0 Members and 1 Guest are viewing this topic.

Offline markosprawira

  • KalyanaMitta
  • *****
  • Posts: 6.449
  • Reputasi: 155
PENJELASAN MENGENAI CERITA PETA SANUVASIN
« on: 09 August 2007, 09:43:53 AM »
'Sesepuh dari kota Kundi.' Ini dikatakan ketika Sang Guru sedang berdiam di Hutan Bambu sehubungan dengan beberapa famili-peta dari bhikkhu thera Sanuvasin.

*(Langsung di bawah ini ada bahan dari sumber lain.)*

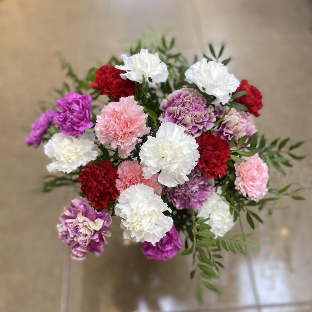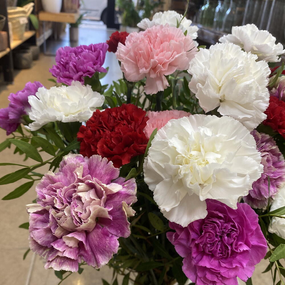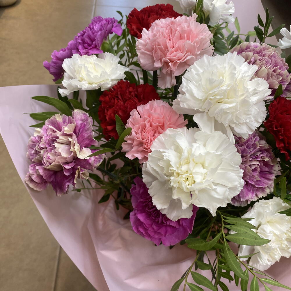 follaje - 4 ud. papel envoltorio decorativo - 1 ud. claveles variados - 18 ud.
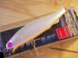 ミノーライクな細身のシェイプであるが、低速でもしっかりとアングラーに引き抵抗を与える。また高速リトリーブでは水平姿勢でアクションし、干潟などのシャローでその威力を存分に発揮する。

Dikatakan bahwa dahulu kala di Benares putra dari raja Kitava sedang dalam perjalanan pulang setelah berolahraga di taman hiburan. Dia melihat Paccekabuddha Sunetta meninggalkan kota setelah berkeliling mengumpulkan dana makanan. Mabuk karena kesombongan memiliki kekuasaan dan karena memang jelek akhlaknya, dia berpikir 'Betapa beraninya si gundul itu lewat tanpa memberi hormat anjali padaku'. Maka putra raja itu pun turun dari punggung gajah dan berkata pada bhikkhu itu, 'Apakah engkau memperoleh dana makanan, saya ingin tahu?' Sambil berkata demikian, dia merampas mangkuk dari tangan bhikkhu tersebut, melemparkannya ke tanah dan menghancurkannya. Dicemoohnya bhikkhu itu, sementara thera tersebut (berdiri) memandang dengan bakti dihatinya, dengan mata yang tertuju ke bawah, lembut, rileks dan menyebarkan cinta kasih, tak terganggu karena telah mencapai Kesedemikianan di dalam segala situasi. Putra raja kemudian beranjak sambil berkata dengan pikiran yang dengki karena
kebencian yang tidak pada tempatnya, 'Tidakkah engkau tahu bahwa saya adalah putra raja Kitava? Apa manfaatmu bagiku, hanya memandang (seperti itu)?' Tetapi begitu dia pergi, muncul energi yang amat panas di sekeliling tubuhnya, yang menyerupai panasnya api neraka. Dengan tubuh yang dikuasai oleh siksaan yang besar, dikuasai oleh perasaan sengsara yang luar biasa mencekam, dia mati dan muncul di Neraka Besar Avici. Di sana dia direbus selama 84.000 tahun sementara dia berdiri dan dibolak-balik dengan berbagai cara – ke sisi kanan, ke sisi kiri, telentang, tengkurap. Ketika jatuh dari sana, dia menjalani kesengsaraan karena kelaparan dan kehausan dan sebagainya selama jangka waktu yang tak terbatas di antara para peta. Ketika jatuh dari sana, dia muncul di suatu desa nelayan di dekat kota Kundi selama masa-Bud­dha ini. Di sana, muncul di dalam dirinya kemampuan untuk mengingat kehidupan-kehidupan lampaunya. Lewat sarana ini dia dapat mengingat kesengsaraan yang telah
dijalaninya di masa lampau. Karena ketakutan akan tindakan-tindakan jahat, maka dia tidak mau pergi menangkap ikan bersama dengan sanak saudaranya, walaupun dia sudah cukup umur. Ketika mereka pergi, dia bersembunyi karena tidak mau membunuh ikan; sedangkan jika dia pergi, dia akan merusak jala atau mengambil ikan-ikan yang masih hidUp untuk dilepaskan kembali ke dalam air. Karena tidak setuju akan tindakannya, sanak saudaranya pun mengusirnya dari rumah mereka. Tetapi ada satu saudara kandung lelaki yang amat menyayanginya.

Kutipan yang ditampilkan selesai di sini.